Вокруг меня колыхалась бледно-синяя материя с кремовыми стебельками цветов. Такая хорошо бы подошла для диванной обивки. Но я должна была признать, что платье — несмотря на длину и чудовищный объём — было очень удобно и сидело как влитое.

— Очаровательно, — сказала мадам Россини и подтолкнула меня к зеркалу.

— Ох! — произнесла я поражённо. Кто бы мог подумать, что диванная обивка будет смотреться так изумительно? И я в ней тоже! Какая грациозная у меня талия, какие синие глаза! Ах! Только декольте было как у оперной певицы — чуть не трещало.

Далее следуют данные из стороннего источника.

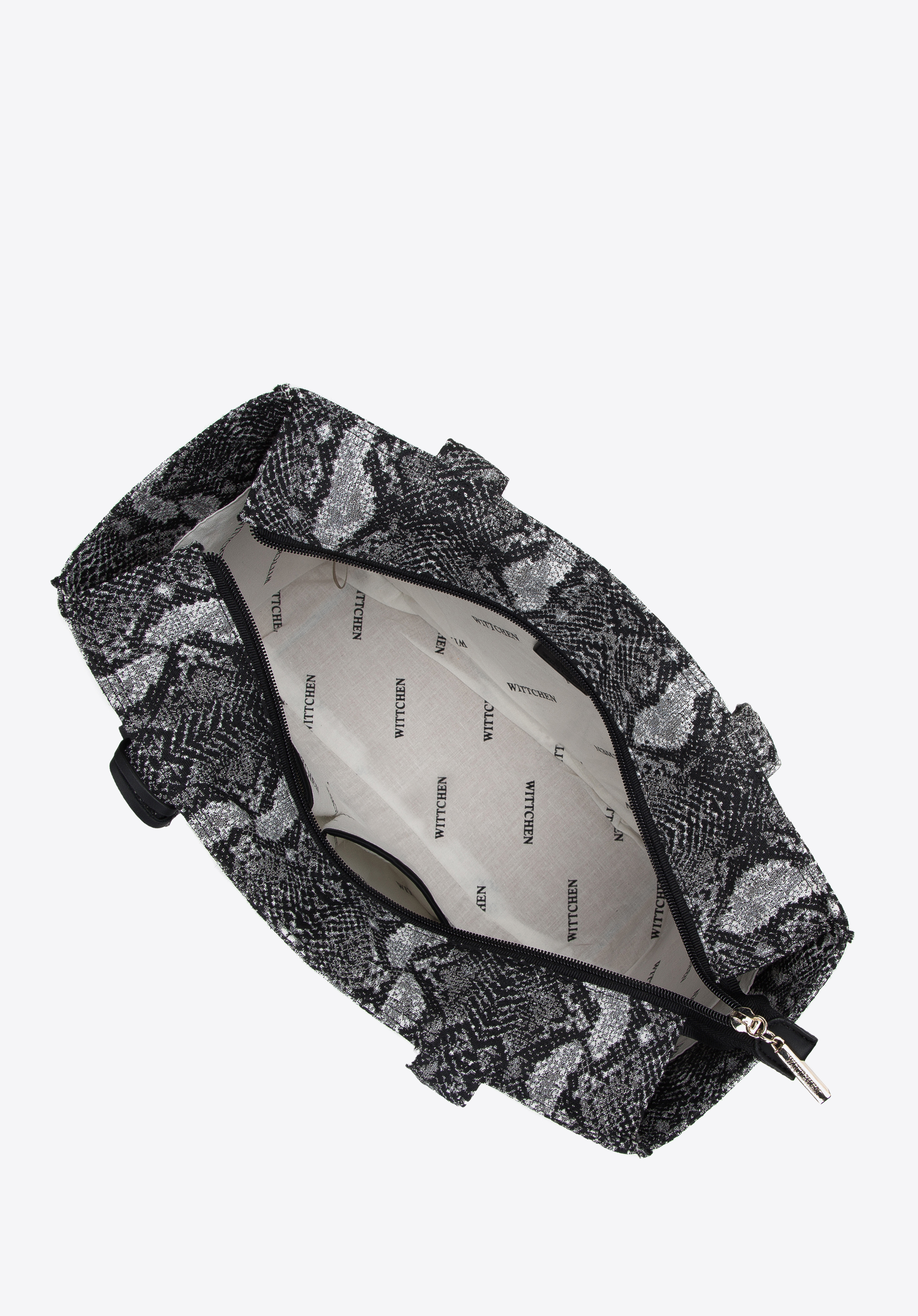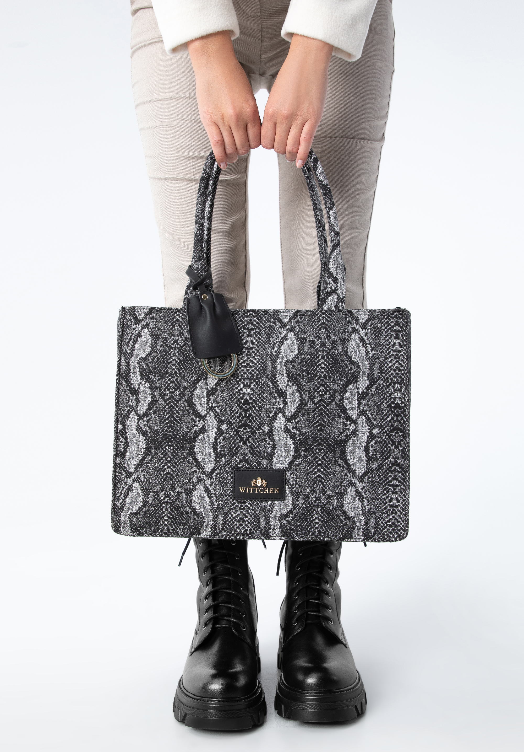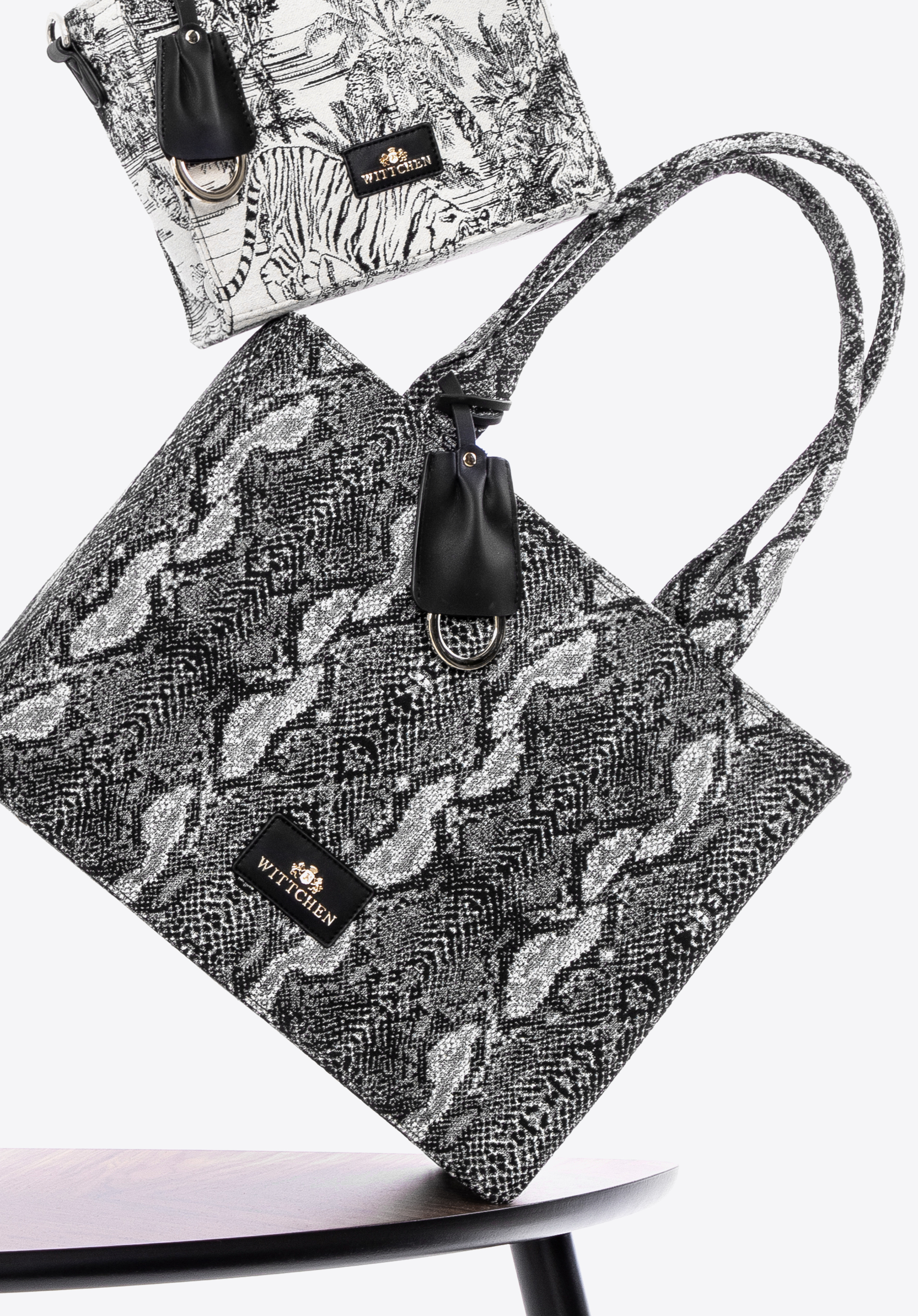 Tato stylová kabelka bude praktickým a módním každodenním doplňkem. Je vyrobena z bavlny s polyesterem a zlaté kování dodává lesk. Zvířecí vzor přitáhne mnoho pozornosti. Má vyztužený obdélníkový tvar, takže bude vypadat hezky bez ohledu na náplň. Můžete ji ho vzít do práce, na malý nákup nebo na víkendový výlet - je prostorná a stylová. Dovnitř vejdou dokumenty A4, malá kosmetická taška, kalendář a spousta dalších drobností. Vzorovaný model bude vypadat skvěle s hladkým klasickým oblekem. Kabelka se zvířecím motivem je skvělou volbou pro každého milovníka originálních potisků.

— Здесь ещё будут кружева, — сказала мадам Россини, перехватив мой взгляд. — Это всё-таки дневное платье. Но вечерами надо было показывать всё, что имеешь. Я так надеюсь, что нам выпадет удовольствие шить для тебя бальное платье! А сейчас давай займёмся твоими волосами.

— У меня будет парик?

— Нет, — ответила мадам Россини. — Ты юная девушка, и встреча состоится среди бела дня. Будет достаточно, если ты красиво уложишь волосы и наденешь шляпку (она сказала «шлиапку»). С твоей кожей ничего делать не будем. Нежнейший алебастр. И эта хорошенькая родинка в форме полумесяца на твоём виске вполне сойдёт за мушку. Tres chic.

Мадам Россини накрутила мне волосы на плойку, затем ловко укрепила их спереди шпильками, а сзади опустила на плечи завитыми локонами. Я посмотрелась в зеркало и пришла в восторг. Мне поневоле вспомнилась костюмированная вечеринка, которую в прошлом году устраивала Синтия. Я не придумала ничего лучшего, как нарядиться автобусной остановкой, и к концу вечера мне хотелось саму себя прибить козырьком, поскольку каждый счёл своим долгом спросить меня про маршрут и расписание.

Ха! Если бы я тогда знала мадам Россини! Я была бы звездой вечера!

Я ещё раз восхищённо крутанулась перед зеркалом, но восхищению пришёл конец, когда ко мне сзади опять подступилась мадам Россини и надела на меня «шлиапку». Это было гигантское страшилище из соломки, перьев и голубых лент, и, по моему мнению, оно уничтожало всю красоту на корню. Я попыталась уговорить мадам Россини обойтись без шляпки, но она была неумолима.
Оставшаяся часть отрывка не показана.